▶ _TASK STATEMENT_
Only the lines below, from the one with "MAF-047-L1系列精密行星減速器型號尺寸與圖紙" through the one with "收入、利润保持较快增长。20", are to be written out, exactly.

▶ _PROVIDED RECORDS_
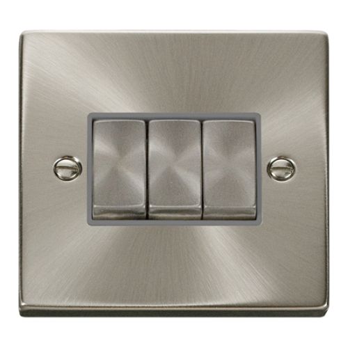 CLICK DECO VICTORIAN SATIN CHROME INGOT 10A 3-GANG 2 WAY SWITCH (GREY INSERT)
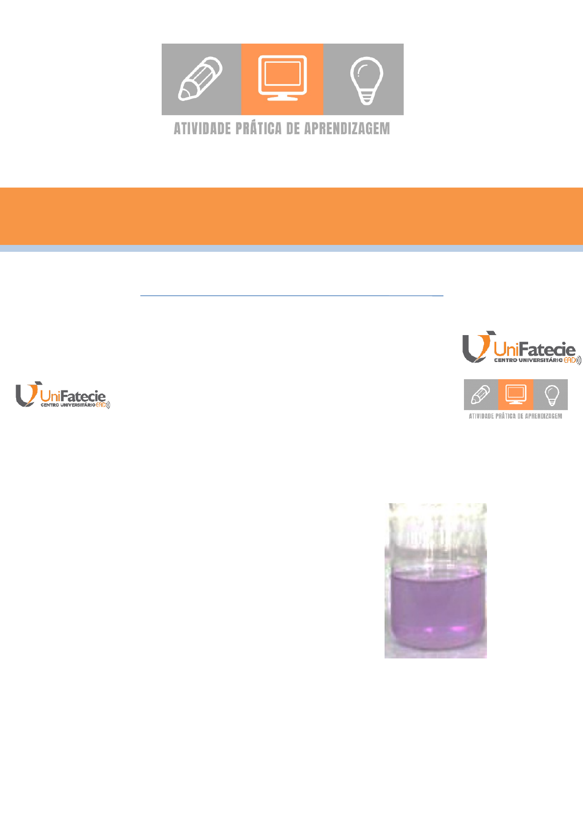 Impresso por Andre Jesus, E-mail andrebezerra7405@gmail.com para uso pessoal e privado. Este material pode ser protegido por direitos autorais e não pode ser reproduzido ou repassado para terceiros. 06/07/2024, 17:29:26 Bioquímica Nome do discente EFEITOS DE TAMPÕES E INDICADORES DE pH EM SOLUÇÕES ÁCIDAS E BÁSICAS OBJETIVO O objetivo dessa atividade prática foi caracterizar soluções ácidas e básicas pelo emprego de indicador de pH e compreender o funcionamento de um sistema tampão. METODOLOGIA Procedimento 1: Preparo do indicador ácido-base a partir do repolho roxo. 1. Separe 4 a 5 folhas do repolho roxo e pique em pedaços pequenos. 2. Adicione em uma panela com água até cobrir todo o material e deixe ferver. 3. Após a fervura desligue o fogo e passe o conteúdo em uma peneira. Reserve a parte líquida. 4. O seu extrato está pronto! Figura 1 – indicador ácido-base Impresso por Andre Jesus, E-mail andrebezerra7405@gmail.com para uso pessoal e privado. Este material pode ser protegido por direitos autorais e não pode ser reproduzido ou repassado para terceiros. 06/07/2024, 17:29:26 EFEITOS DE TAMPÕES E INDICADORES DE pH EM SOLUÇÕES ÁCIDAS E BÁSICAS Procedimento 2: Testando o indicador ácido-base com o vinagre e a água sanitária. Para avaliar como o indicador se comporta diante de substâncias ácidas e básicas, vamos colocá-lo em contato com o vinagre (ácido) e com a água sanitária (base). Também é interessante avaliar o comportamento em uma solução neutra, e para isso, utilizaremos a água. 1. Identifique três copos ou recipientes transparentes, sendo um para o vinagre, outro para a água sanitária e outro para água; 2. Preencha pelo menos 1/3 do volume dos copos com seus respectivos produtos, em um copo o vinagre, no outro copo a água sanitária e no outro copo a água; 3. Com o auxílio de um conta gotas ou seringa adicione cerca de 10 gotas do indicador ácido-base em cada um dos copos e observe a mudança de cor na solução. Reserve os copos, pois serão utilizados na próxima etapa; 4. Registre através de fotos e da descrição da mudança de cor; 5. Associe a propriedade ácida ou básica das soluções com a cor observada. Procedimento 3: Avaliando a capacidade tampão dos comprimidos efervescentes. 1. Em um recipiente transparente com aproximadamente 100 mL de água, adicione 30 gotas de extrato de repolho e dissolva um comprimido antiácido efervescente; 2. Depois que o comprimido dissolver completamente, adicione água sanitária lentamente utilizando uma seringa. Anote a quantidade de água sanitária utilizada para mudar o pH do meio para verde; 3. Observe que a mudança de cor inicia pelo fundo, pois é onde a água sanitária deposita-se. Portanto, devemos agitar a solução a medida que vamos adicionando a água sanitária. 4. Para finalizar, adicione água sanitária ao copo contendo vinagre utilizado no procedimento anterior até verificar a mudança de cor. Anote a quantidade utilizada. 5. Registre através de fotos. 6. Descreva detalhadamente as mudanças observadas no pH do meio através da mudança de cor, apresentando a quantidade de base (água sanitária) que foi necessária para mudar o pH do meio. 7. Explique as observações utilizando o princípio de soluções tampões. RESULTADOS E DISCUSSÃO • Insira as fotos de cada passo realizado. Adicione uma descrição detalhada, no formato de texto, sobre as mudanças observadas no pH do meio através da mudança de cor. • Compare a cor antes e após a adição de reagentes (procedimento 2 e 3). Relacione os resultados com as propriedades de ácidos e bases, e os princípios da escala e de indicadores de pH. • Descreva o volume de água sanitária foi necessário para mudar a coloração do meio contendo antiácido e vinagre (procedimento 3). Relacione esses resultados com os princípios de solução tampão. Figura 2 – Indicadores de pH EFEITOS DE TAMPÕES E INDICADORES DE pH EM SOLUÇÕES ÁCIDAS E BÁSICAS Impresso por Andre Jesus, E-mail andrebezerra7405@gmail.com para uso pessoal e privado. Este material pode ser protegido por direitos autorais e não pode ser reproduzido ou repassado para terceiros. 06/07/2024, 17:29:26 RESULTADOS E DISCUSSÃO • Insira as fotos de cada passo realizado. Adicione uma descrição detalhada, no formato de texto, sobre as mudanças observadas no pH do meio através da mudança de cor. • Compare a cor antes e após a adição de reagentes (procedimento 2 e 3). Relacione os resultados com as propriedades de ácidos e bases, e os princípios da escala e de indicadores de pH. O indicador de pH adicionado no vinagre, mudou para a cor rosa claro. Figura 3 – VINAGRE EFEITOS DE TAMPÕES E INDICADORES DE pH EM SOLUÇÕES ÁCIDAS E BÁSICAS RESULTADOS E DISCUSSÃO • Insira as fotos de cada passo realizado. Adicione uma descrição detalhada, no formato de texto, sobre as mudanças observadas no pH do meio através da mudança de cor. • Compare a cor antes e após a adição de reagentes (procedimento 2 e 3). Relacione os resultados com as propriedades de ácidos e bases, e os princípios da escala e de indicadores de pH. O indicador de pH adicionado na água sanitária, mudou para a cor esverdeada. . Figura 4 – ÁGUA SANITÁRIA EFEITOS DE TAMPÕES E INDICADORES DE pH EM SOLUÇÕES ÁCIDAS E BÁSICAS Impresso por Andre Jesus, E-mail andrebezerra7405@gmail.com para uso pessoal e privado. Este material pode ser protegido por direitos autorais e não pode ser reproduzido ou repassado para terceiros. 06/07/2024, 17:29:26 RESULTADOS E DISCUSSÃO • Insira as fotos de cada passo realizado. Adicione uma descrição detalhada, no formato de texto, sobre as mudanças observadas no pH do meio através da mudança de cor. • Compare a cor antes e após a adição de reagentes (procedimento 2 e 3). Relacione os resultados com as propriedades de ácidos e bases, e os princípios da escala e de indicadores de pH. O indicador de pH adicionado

* * *

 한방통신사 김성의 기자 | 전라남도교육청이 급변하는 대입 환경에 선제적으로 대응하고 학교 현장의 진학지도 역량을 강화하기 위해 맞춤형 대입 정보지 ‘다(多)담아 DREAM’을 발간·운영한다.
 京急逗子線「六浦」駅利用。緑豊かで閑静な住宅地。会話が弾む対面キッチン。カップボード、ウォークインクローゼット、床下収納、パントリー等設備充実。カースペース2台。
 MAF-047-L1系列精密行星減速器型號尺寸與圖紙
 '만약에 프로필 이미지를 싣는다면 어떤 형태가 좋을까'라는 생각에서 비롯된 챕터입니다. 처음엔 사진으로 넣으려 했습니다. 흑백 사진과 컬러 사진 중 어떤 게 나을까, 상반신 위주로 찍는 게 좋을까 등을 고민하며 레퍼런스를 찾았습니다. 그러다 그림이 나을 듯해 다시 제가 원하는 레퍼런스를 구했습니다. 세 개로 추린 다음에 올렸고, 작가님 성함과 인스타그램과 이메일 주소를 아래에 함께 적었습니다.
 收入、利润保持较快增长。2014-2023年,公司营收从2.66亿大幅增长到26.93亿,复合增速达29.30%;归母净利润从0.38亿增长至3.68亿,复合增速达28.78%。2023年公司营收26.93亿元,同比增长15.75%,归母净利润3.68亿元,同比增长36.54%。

▶ _WRITTEN RESPONSE_
 MAF-047-L1系列精密行星減速器型號尺寸與圖紙
 '만약에 프로필 이미지를 싣는다면 어떤 형태가 좋을까'라는 생각에서 비롯된 챕터입니다. 처음엔 사진으로 넣으려 했습니다. 흑백 사진과 컬러 사진 중 어떤 게 나을까, 상반신 위주로 찍는 게 좋을까 등을 고민하며 레퍼런스를 찾았습니다. 그러다 그림이 나을 듯해 다시 제가 원하는 레퍼런스를 구했습니다. 세 개로 추린 다음에 올렸고, 작가님 성함과 인스타그램과 이메일 주소를 아래에 함께 적었습니다.
 收入、利润保持较快增长。2014-2023年,公司营收从2.66亿大幅增长到26.93亿,复合增速达29.30%;归母净利润从0.38亿增长至3.68亿,复合增速达28.78%。2023年公司营收26.93亿元,同比增长15.75%,归母净利润3.68亿元,同比增长36.54%。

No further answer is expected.